MARKS & Spencer yesterday launched its banking venture in Scotland but declined to say how many customers it expects to pick up.
The high street retailer’s branch at the Gyle shopping centre in Edinburgh is expected to be followed by others in Aberdeen, Glasgow and at the Braehead centre between Glasgow and Paisley.
Together with its joint venture partner HSBC, it has spent three and a half years preparing to turn M&S Money into a fully fledged bank, offering current accounts and eventually mortgages.
The first instore branch in Britain opened last month in London’s Marble Arch outlet. It is hiring 500 staff on top of its current 1,700 headcount, including 100 working on head office functions such as helping customers to switch accounts.
Opening the Gyle branch yesterday, M&S Bank deputy chief executive Crawford Prentice said the firm will have more than 20 branches by the end of the year and aims to have more than 50 by December 2013.
The first current accounts will go live in November, and the bank will be using the branches and the retail group’s marketing resources to attract applications. However, it has no plans to market itself to the wider public.
Prentice said: “If you are not a regular shopper in Marks & Spencer then the current account won’t appeal to you.”
The account will cost between £15 and £20 a month, depending on the package. In exchange, users get a variety of vouchers to be used in stores and at the group’s cafes.
The close targeting at an existing customer base means M&S was able to design the bank’s products and the branches using detailed consultation exercises. It built a test branch at its Chester HQ, then re-built it to match specifications set out by customers. That has led to some unusual choices: the bureau de change counters – already a feature of 120 M&S stores – remain, but will not be used for banking. Instead, the softly furnished lounge-style branches have a self-service system with staff on hand to help and a number of booths for private meetings.
There is also internet access and a telephone for those wishing to try those systems under supervision.

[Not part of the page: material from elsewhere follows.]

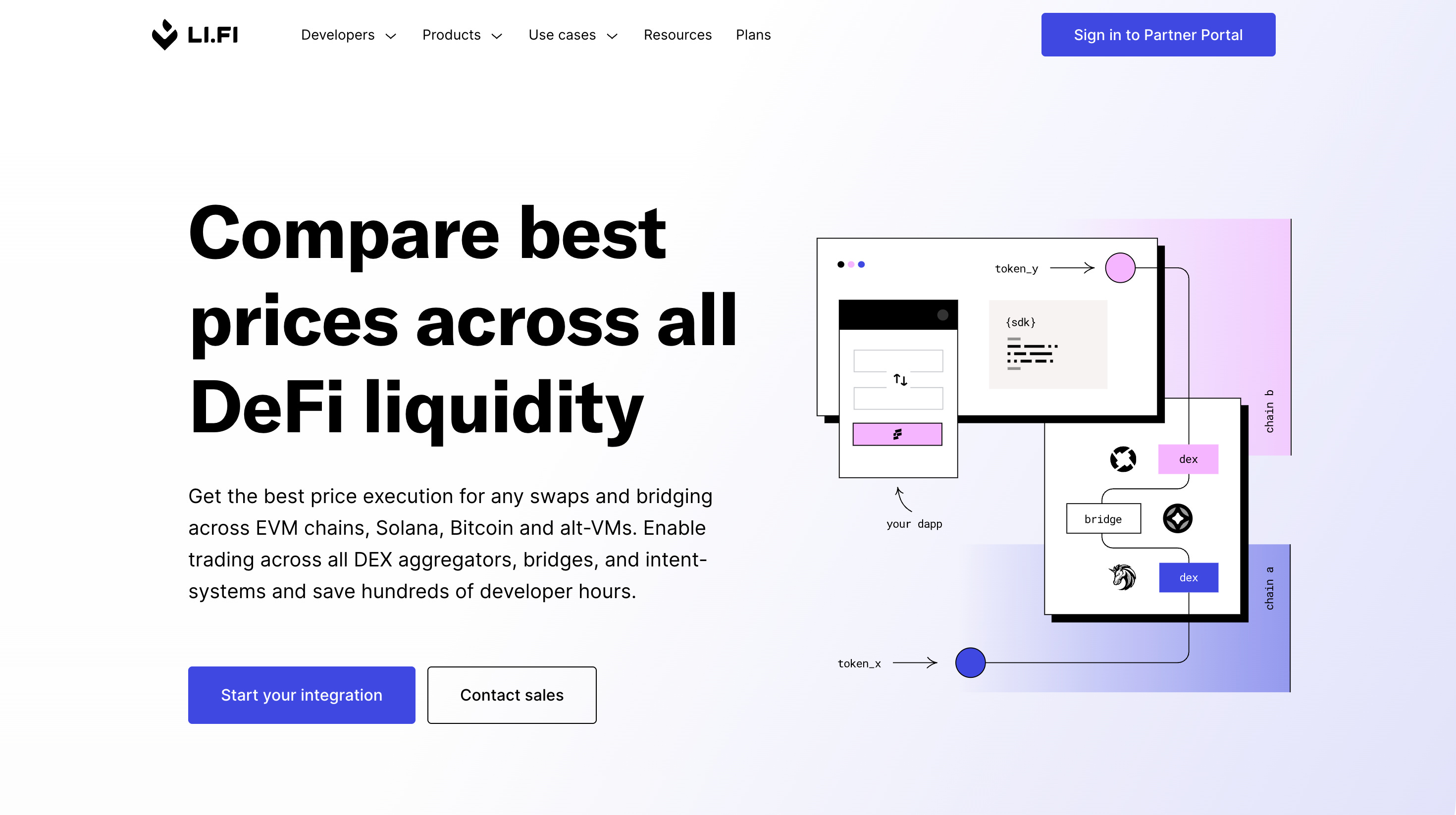 概要:単一のAPI、SDK、またはウィジェットを通じて、開発者とユーザーをブリッジ、DEX、そして分散型流動性ソースに接続する、クロスチェーン流動性アグリゲーションプロトコル。取引とブリッジをスマートにルーティングし、最適な価格、最低コスト、そして最も安全なパスを見つけることで、30以上のブロックチェーン間で最適化されたあらゆるスワップと資産移転を実現。

Customers will be given a pager and encouraged to browse the shop while they wait for an appointment, and the banks will be open the same hours as the stores, including weekends. As a consequence, each has a staff of 18.
Customers have even specified the furniture – armchairs and not sofas – and the debit cards have been designed by Sir Terence Conran.
The bank may have narrowed its appeal, but it has chosen a large niche. Marks & Spencer estimates it has about 12 million regular customers. M&S Money already has 2.7 million credit card customers and 1 million using its savings and loans.
Prentice said the new bank has not set targets for how many customers it wants to attract, but is prepared for “as many or as few customers” as it may get. Mortgages will not be launched in 2012, but soon after, he said.